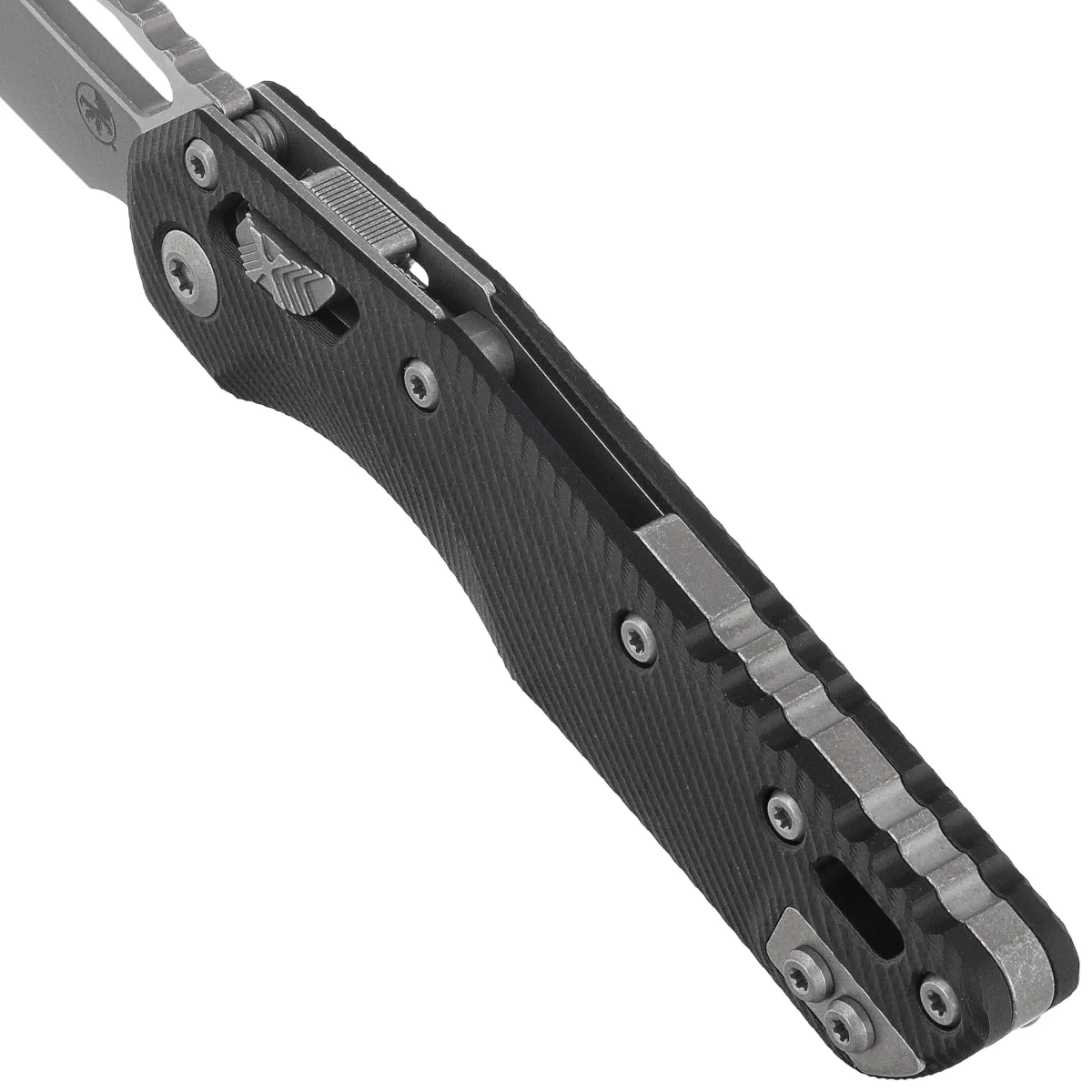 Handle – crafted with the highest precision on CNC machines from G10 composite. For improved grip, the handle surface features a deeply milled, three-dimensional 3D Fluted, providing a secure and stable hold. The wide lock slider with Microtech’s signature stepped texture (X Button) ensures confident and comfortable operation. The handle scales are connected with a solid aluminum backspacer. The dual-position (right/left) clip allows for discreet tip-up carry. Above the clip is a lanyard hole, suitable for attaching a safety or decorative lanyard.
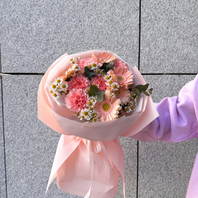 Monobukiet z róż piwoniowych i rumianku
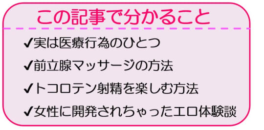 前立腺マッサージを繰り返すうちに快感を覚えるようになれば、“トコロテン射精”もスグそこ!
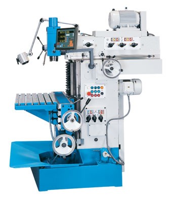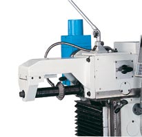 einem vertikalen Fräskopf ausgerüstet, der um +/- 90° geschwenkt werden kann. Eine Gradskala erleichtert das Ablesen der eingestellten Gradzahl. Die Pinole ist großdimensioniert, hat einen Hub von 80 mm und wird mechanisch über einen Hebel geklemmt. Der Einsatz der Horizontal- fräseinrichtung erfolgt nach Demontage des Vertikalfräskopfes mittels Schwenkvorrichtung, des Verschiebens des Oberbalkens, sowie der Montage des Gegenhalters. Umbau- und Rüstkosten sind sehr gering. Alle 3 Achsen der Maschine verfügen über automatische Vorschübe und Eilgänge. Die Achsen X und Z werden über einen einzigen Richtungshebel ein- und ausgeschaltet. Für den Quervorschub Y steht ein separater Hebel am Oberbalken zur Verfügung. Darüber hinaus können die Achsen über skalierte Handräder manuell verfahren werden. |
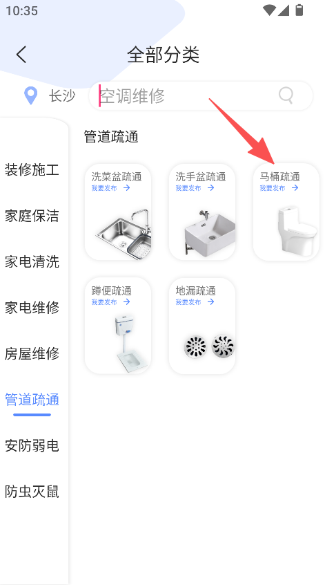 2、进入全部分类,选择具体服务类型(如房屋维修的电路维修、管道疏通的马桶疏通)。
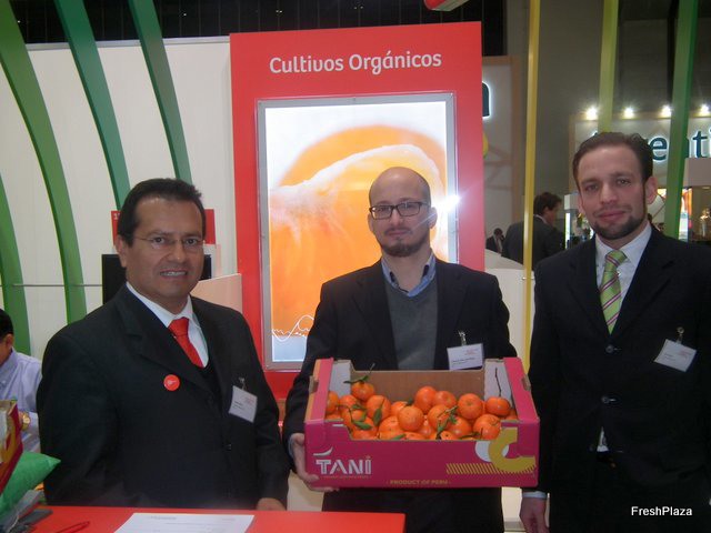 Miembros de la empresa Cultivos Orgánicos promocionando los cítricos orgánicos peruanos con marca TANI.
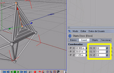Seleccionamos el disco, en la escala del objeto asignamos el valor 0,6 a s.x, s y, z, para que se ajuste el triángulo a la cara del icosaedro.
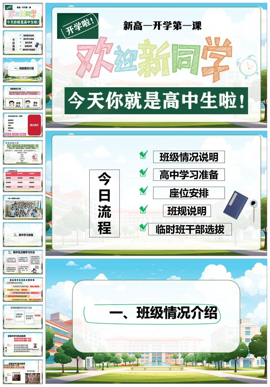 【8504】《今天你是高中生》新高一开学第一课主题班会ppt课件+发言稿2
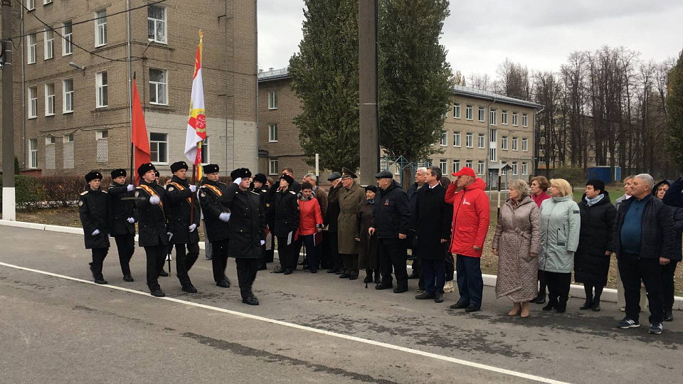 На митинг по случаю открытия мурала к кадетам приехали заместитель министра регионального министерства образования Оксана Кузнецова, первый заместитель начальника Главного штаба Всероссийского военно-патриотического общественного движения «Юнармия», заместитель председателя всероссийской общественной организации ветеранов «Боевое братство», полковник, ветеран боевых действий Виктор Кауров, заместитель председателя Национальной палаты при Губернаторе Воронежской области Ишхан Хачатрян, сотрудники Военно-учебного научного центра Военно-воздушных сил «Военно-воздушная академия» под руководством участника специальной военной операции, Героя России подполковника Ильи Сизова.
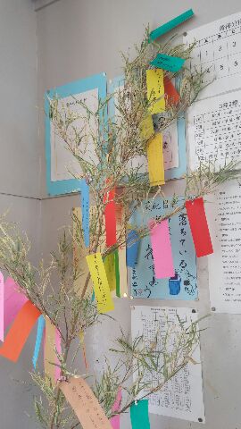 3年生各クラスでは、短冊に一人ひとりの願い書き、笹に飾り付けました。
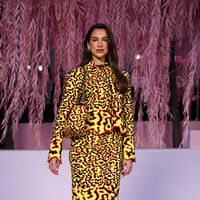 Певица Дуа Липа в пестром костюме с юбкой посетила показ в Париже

...

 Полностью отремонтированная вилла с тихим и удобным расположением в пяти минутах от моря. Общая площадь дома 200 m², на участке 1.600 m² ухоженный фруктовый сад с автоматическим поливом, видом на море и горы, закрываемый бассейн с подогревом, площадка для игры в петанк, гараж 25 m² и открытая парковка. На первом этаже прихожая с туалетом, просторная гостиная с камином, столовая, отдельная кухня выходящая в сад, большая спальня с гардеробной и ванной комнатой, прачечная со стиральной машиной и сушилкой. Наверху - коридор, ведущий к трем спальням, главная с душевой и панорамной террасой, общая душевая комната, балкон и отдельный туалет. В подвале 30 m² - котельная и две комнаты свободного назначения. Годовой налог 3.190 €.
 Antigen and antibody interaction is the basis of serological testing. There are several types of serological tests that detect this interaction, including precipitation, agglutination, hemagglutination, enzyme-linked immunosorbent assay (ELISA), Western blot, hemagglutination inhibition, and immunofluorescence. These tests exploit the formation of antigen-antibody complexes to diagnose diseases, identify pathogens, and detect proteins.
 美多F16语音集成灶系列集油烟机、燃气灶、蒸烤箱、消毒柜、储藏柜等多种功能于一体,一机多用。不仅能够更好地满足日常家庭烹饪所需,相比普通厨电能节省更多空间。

* * *

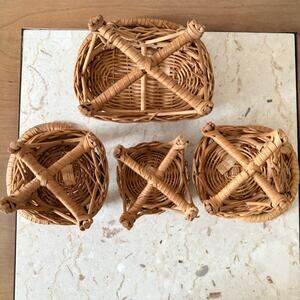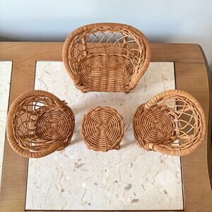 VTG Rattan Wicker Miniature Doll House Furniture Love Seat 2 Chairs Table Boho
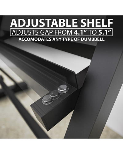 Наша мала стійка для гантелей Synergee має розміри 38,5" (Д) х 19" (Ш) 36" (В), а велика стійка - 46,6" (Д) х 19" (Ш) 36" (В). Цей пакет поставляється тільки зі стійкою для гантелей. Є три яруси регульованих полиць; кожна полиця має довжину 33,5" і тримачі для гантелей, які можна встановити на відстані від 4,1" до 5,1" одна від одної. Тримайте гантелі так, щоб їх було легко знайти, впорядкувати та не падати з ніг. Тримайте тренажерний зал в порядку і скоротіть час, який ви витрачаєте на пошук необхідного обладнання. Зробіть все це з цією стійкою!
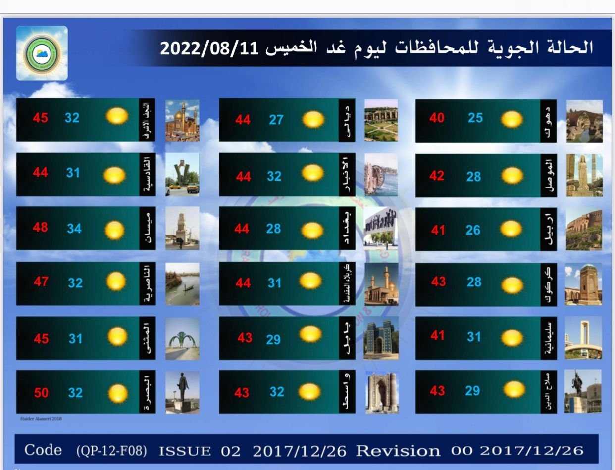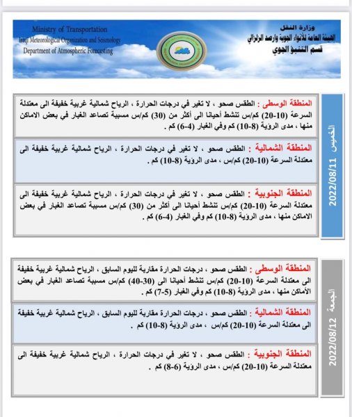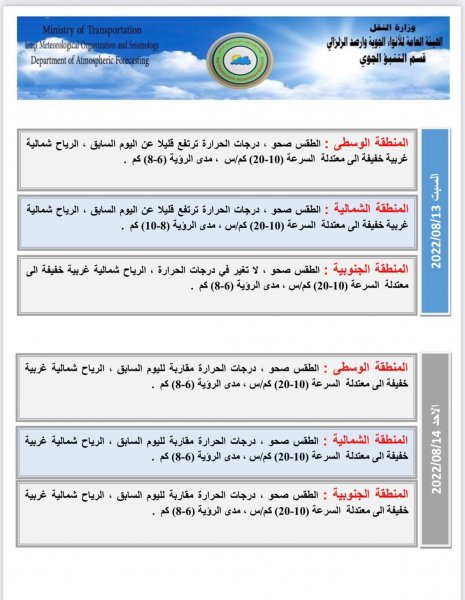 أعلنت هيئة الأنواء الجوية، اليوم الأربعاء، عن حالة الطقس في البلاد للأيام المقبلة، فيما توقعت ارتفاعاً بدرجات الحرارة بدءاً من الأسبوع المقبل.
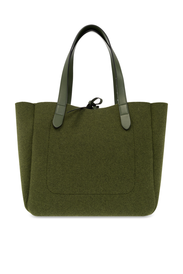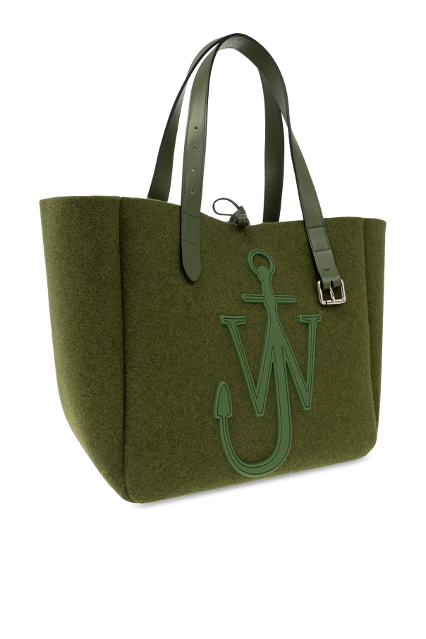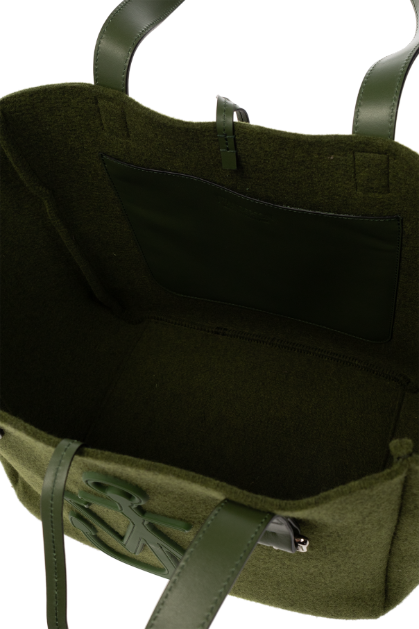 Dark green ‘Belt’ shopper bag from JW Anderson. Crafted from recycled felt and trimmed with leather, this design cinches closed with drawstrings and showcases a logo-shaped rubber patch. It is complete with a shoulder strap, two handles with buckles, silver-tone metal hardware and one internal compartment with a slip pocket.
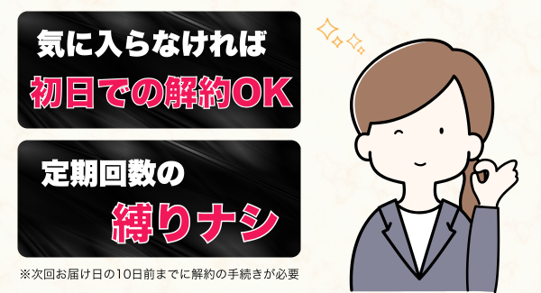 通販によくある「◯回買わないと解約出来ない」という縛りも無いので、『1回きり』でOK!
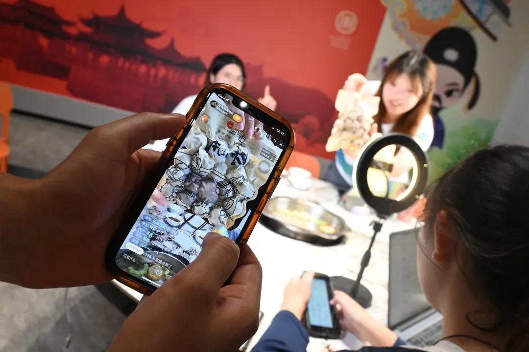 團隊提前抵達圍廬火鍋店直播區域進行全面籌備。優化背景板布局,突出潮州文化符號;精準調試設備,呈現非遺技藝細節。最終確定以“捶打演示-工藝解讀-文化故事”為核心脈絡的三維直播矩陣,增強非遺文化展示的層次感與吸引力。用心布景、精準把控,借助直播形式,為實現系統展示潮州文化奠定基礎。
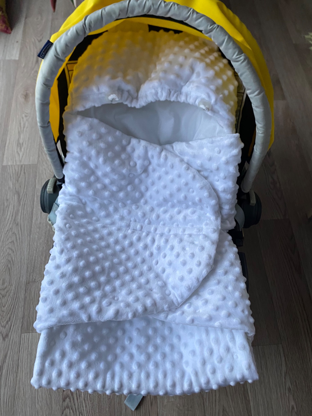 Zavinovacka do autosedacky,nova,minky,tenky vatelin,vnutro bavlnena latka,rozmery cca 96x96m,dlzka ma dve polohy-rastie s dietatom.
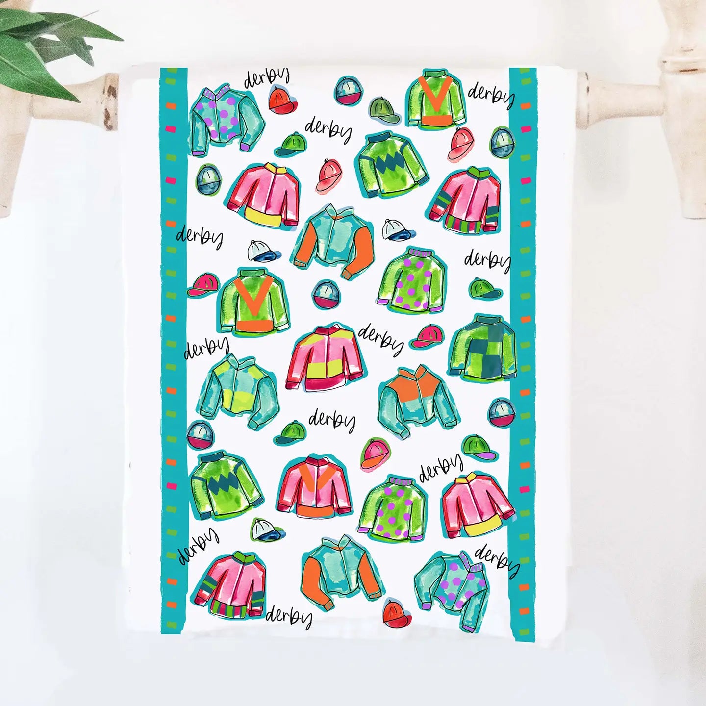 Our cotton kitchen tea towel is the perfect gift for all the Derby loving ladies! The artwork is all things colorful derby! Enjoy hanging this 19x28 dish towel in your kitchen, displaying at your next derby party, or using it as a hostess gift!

#### [TASK TO COMPLETE]
Those lines of the records above that run from the one containing "Zavinovacka do autosedacky,nova,minky,tenky" through the one containing "Our cotton kitchen" should be returned exactly, with no pictures among them.

#### [ANSWER TO THIS EXERCISE]
 Zavinovacka do autosedacky,nova,minky,tenky vatelin,vnutro bavlnena latka,rozmery cca 96x96m,dlzka ma dve polohy-rastie s dietatom.
 Our cotton kitchen tea towel is the perfect gift for all the Derby loving ladies! The artwork is all things colorful derby! Enjoy hanging this 19x28 dish towel in your kitchen, displaying at your next derby party, or using it as a hostess gift!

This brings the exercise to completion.